We have described and evaluated a reproducible machine-learning system for next-day EUR/USD direction prediction. An ensemble of LightGBM and XGBoost, trained on 53 technical features with a strict walk-forward expanding-window protocol, achieves 66.62% out-of-sample accuracy and 72.55% ROC-AUC over 20 years of data. The weighted ensemble (39% LightGBM / 61% XGBoost) was grid-optimised over 198 contiguous test folds and remains stable across market regimes. The model is stable across market regimes and is released as an open artefact on the Hugging Face Hub. Future work may extend the feature set to include cross-asset correlations, macroeconomic surprise indices, or multi-horizon directional targets.

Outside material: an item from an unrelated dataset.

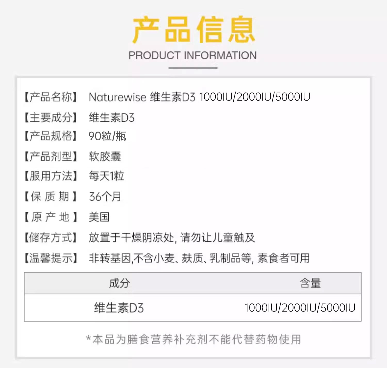 Naturewise牌维他命D3软胶囊1000IU/2000IU/5000IU 90粒

This paper was drafted with the assistance of large-language-model (LLM) tools (specifically, ML Intern / an AI research assistant). All empirical work—including data collection, feature engineering, model training, walk-forward validation, and result interpretation—was conceived, executed, and validated by the human author. The AI assistant contributed solely to the structuring, wording, typesetting, and formatting of the manuscript.